## Task to complete
Stop after the line that contains "Résultats du 1er". Until then, retype each line of the entries exactly from the first one, skipping pictures.
*** Source material Section Begins ***
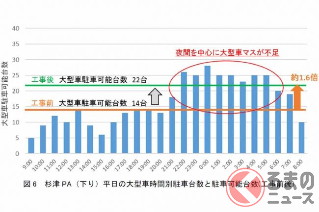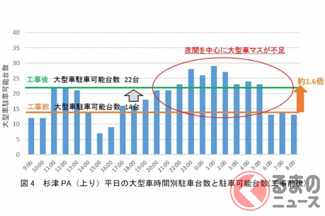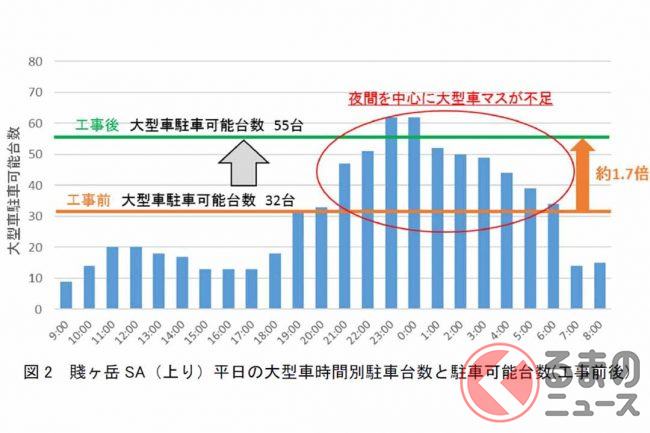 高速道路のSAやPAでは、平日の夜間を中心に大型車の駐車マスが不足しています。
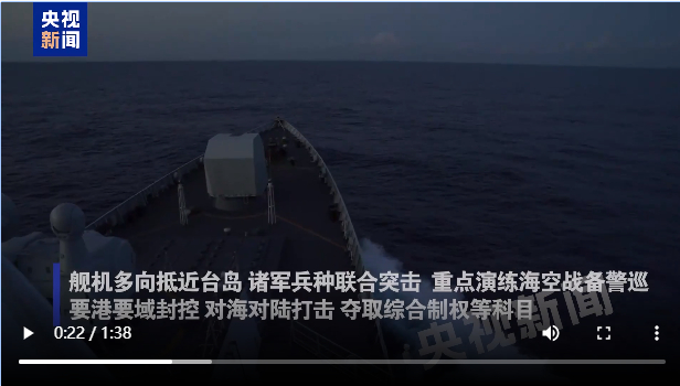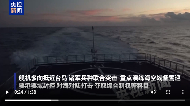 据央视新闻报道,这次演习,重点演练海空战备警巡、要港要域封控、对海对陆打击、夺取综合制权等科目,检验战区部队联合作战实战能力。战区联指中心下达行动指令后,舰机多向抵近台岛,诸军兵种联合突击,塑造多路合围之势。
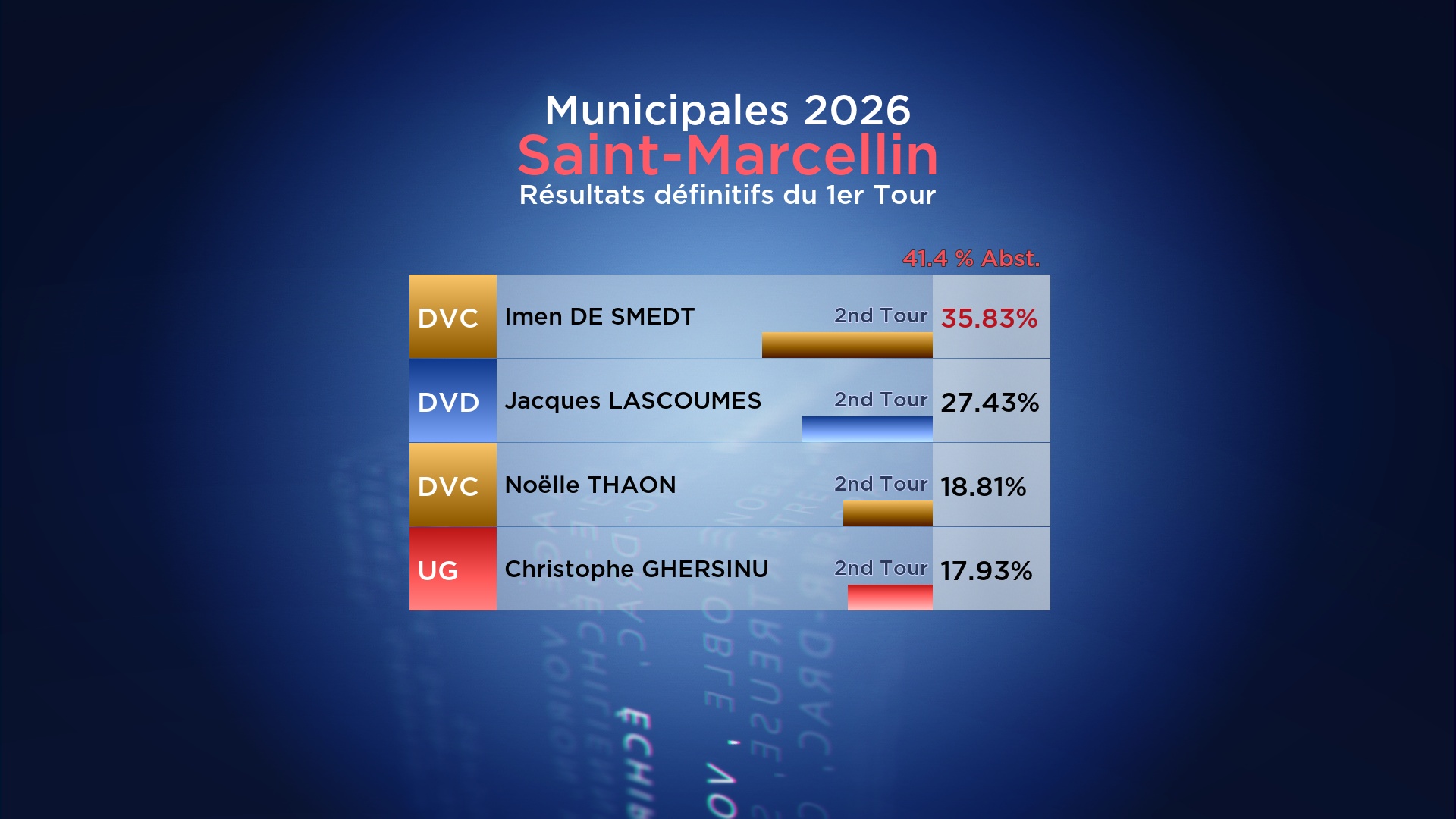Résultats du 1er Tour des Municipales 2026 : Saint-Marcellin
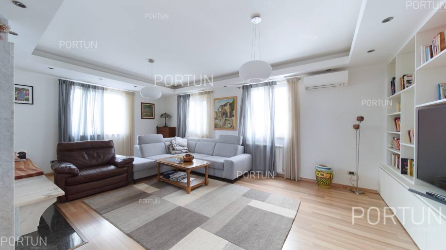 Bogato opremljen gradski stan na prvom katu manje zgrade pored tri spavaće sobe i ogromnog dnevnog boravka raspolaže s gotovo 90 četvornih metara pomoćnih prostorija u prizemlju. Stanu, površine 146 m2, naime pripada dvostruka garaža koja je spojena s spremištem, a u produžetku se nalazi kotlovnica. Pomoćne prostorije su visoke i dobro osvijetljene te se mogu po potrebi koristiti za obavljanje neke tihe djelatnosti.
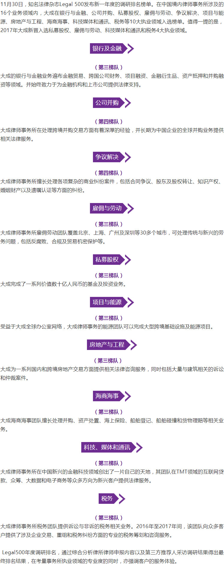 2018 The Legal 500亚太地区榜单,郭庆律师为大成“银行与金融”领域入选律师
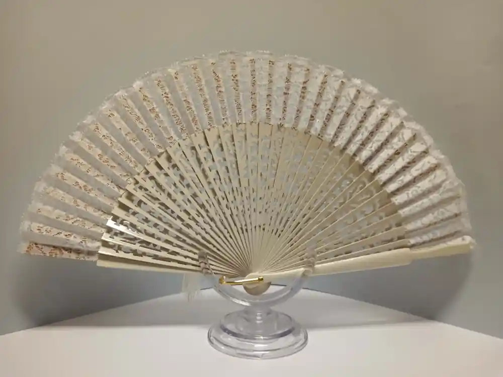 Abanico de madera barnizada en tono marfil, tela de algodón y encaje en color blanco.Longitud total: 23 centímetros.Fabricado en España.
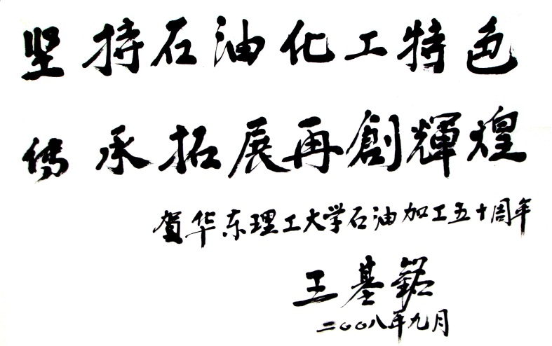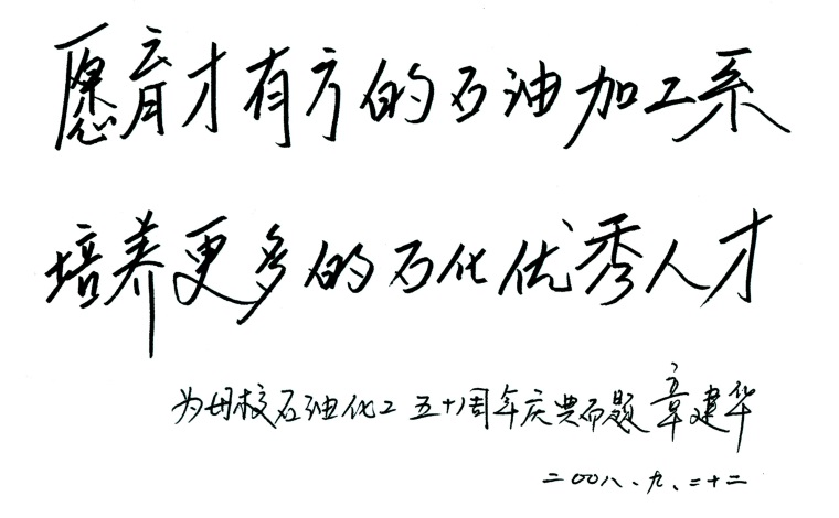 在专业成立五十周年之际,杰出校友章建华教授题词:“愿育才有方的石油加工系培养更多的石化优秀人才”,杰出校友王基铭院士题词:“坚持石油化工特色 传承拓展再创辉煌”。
*** Source material Section Ends ***
## Written reply
 高速道路のSAやPAでは、平日の夜間を中心に大型車の駐車マスが不足しています。
 据央视新闻报道,这次演习,重点演练海空战备警巡、要港要域封控、对海对陆打击、夺取综合制权等科目,检验战区部队联合作战实战能力。战区联指中心下达行动指令后,舰机多向抵近台岛,诸军兵种联合突击,塑造多路合围之势。
Résultats du 1er Tour des Municipales 2026 : Saint-Marcellin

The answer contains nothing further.